Transcribe nothing except the lines below that run from the one with "Para la glasa, batimos" to the one with "水、小麦、水あめ(とうもろこ", ends included, and do not copy any picture.

Data for the task:
###

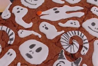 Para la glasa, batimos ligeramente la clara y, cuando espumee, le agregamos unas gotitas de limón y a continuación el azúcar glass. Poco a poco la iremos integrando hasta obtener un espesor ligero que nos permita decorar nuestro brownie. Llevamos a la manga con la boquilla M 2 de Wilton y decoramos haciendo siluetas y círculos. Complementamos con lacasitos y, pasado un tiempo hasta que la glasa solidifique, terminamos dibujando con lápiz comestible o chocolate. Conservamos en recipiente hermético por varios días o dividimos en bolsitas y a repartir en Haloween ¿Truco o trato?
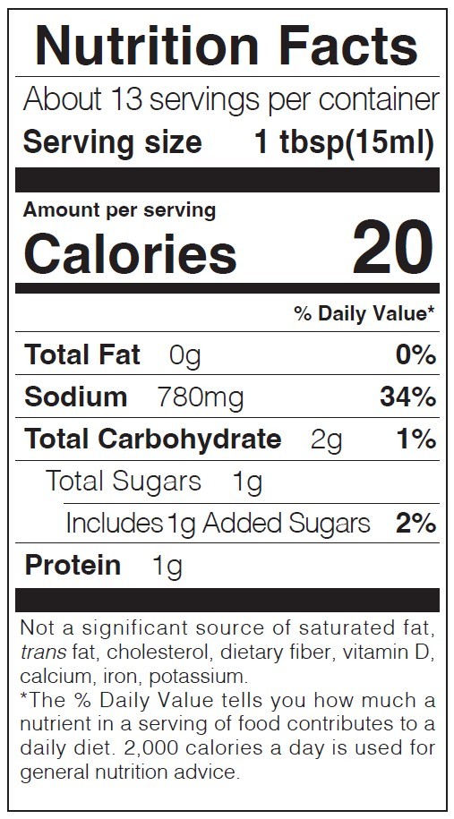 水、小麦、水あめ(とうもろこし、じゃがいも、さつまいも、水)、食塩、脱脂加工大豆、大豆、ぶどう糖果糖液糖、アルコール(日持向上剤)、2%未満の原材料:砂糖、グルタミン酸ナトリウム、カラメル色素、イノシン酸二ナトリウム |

###

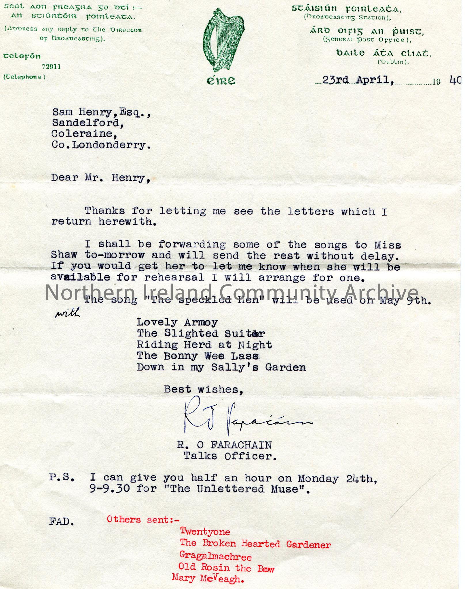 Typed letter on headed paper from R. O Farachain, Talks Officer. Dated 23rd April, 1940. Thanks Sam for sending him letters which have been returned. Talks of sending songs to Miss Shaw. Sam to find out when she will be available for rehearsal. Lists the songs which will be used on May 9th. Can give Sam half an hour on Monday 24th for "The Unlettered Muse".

###

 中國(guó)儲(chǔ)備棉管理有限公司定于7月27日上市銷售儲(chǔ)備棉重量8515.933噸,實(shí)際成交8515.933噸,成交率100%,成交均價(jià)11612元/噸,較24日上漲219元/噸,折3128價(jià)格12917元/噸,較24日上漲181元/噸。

###

Answer to the problem:
 Para la glasa, batimos ligeramente la clara y, cuando espumee, le agregamos unas gotitas de limón y a continuación el azúcar glass. Poco a poco la iremos integrando hasta obtener un espesor ligero que nos permita decorar nuestro brownie. Llevamos a la manga con la boquilla M 2 de Wilton y decoramos haciendo siluetas y círculos. Complementamos con lacasitos y, pasado un tiempo hasta que la glasa solidifique, terminamos dibujando con lápiz comestible o chocolate. Conservamos en recipiente hermético por varios días o dividimos en bolsitas y a repartir en Haloween ¿Truco o trato?
 水、小麦、水あめ(とうもろこし、じゃがいも、さつまいも、水)、食塩、脱脂加工大豆、大豆、ぶどう糖果糖液糖、アルコール(日持向上剤)、2%未満の原材料:砂糖、グルタミン酸ナトリウム、カラメル色素、イノシン酸二ナトリウム |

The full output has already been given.